╭─ Data provided
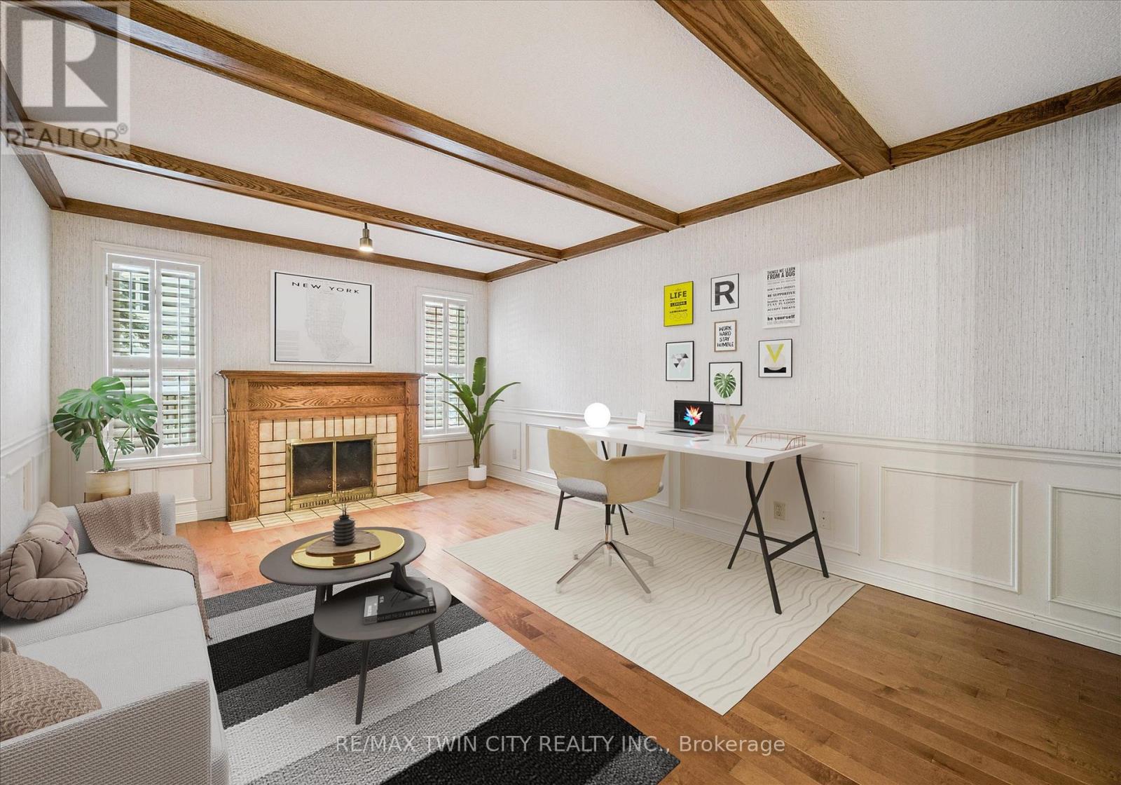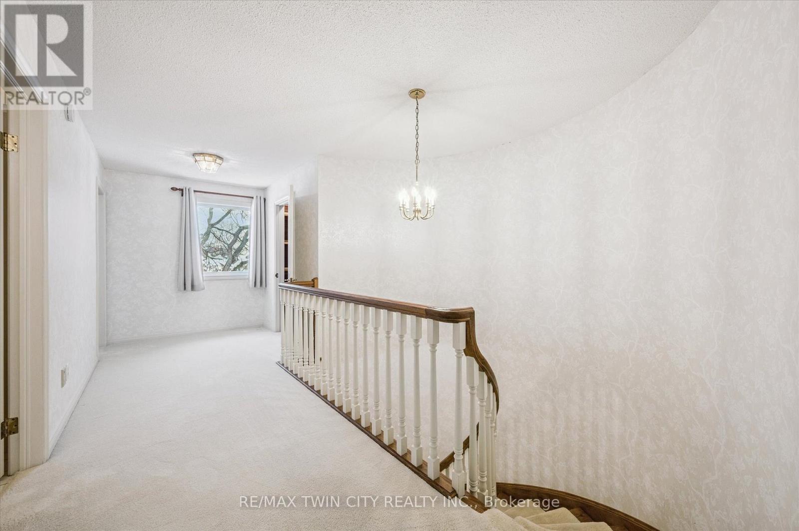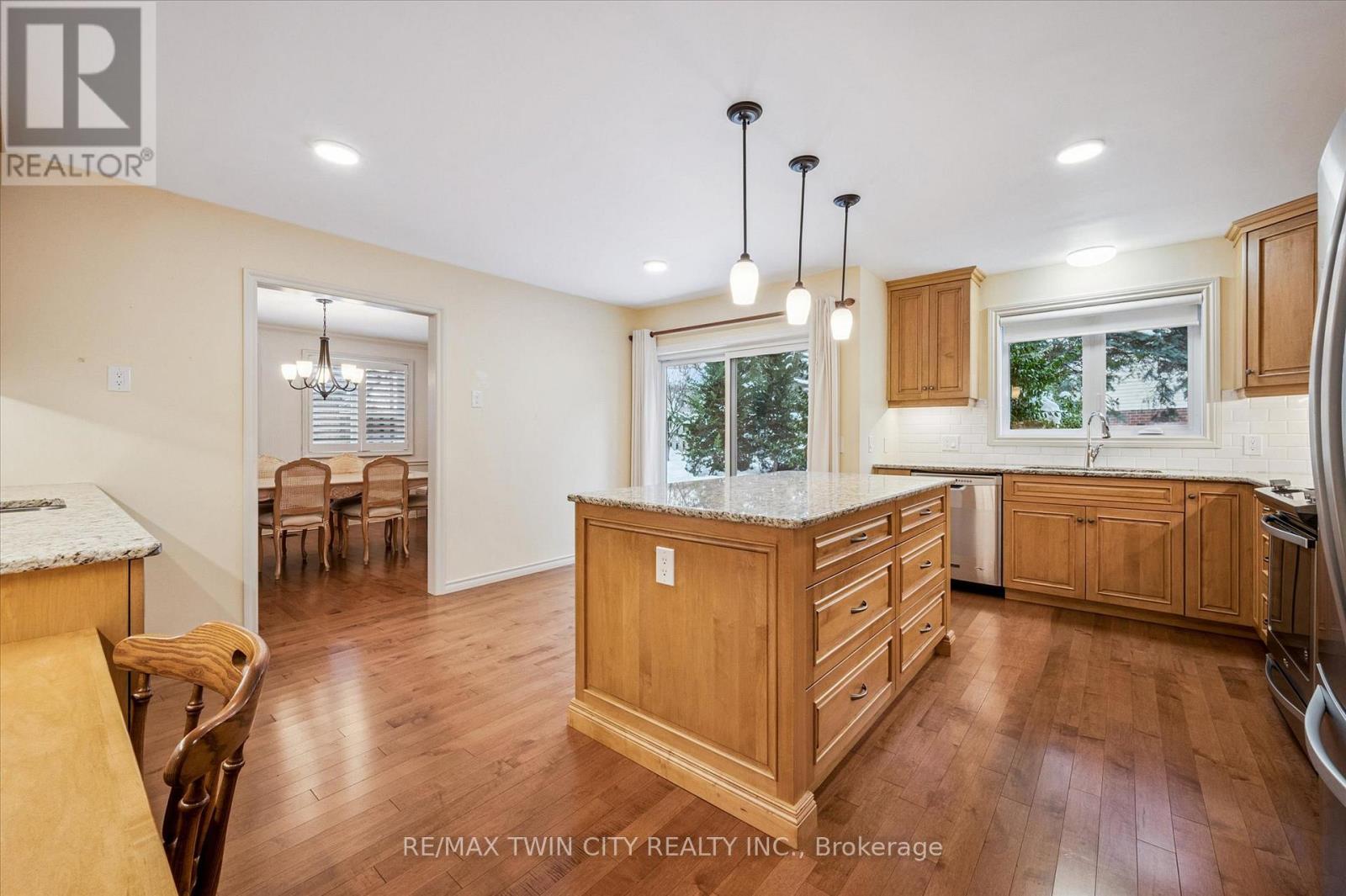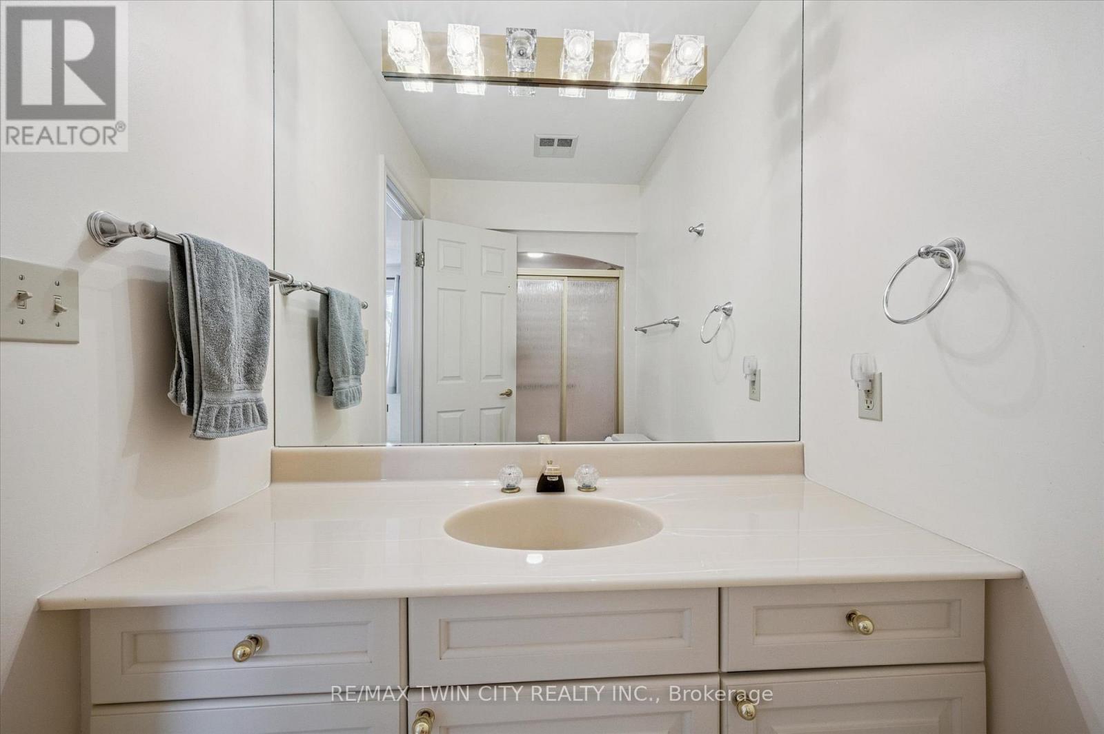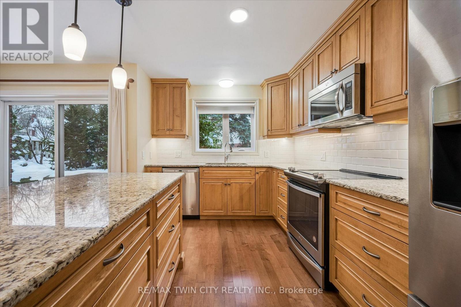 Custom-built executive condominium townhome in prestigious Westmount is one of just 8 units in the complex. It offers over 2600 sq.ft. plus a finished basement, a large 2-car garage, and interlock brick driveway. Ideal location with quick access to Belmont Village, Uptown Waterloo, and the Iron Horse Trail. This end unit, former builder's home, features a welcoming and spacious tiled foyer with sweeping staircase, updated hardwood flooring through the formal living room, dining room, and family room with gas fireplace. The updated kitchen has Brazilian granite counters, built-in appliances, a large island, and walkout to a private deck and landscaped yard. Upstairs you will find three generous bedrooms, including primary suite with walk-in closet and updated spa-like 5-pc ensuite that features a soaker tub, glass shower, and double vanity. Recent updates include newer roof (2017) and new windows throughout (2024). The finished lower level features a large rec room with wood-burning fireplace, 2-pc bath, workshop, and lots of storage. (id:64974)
╰─
╭─ Data provided
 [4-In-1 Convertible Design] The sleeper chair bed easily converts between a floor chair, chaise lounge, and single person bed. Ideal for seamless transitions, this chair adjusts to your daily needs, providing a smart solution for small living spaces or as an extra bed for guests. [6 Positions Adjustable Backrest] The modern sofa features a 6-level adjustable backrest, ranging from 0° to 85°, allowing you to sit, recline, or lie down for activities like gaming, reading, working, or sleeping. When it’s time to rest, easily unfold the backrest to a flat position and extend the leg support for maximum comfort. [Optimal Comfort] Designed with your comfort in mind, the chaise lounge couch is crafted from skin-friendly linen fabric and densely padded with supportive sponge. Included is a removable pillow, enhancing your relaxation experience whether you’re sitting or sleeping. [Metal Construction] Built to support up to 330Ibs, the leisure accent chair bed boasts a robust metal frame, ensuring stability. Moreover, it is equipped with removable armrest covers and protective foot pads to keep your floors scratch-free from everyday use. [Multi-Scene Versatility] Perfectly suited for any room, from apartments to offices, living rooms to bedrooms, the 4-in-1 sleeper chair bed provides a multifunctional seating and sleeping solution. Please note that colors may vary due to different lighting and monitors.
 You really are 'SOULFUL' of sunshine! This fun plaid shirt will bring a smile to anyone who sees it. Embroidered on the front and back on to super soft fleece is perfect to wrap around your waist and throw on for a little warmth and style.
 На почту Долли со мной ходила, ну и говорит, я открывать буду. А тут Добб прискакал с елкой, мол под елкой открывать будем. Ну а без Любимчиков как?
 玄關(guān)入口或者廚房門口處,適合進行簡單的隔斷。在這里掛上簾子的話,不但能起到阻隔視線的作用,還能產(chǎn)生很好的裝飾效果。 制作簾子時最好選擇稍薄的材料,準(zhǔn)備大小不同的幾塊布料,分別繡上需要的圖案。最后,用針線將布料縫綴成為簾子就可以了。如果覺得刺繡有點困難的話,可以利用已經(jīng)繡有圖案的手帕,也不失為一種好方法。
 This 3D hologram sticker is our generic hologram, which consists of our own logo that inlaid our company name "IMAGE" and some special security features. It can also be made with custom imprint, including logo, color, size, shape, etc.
╰─
## Task item
Given the data above, transcribe exactly the lines from the one containing "На почту Долли" down to the one containing "This 3D hologram", and no others.

## Answer space
 На почту Долли со мной ходила, ну и говорит, я открывать буду. А тут Добб прискакал с елкой, мол под елкой открывать будем. Ну а без Любимчиков как?
 玄關(guān)入口或者廚房門口處,適合進行簡單的隔斷。在這里掛上簾子的話,不但能起到阻隔視線的作用,還能產(chǎn)生很好的裝飾效果。 制作簾子時最好選擇稍薄的材料,準(zhǔn)備大小不同的幾塊布料,分別繡上需要的圖案。最后,用針線將布料縫綴成為簾子就可以了。如果覺得刺繡有點困難的話,可以利用已經(jīng)繡有圖案的手帕,也不失為一種好方法。
 This 3D hologram sticker is our generic hologram, which consists of our own logo that inlaid our company name "IMAGE" and some special security features. It can also be made with custom imprint, including logo, color, size, shape, etc.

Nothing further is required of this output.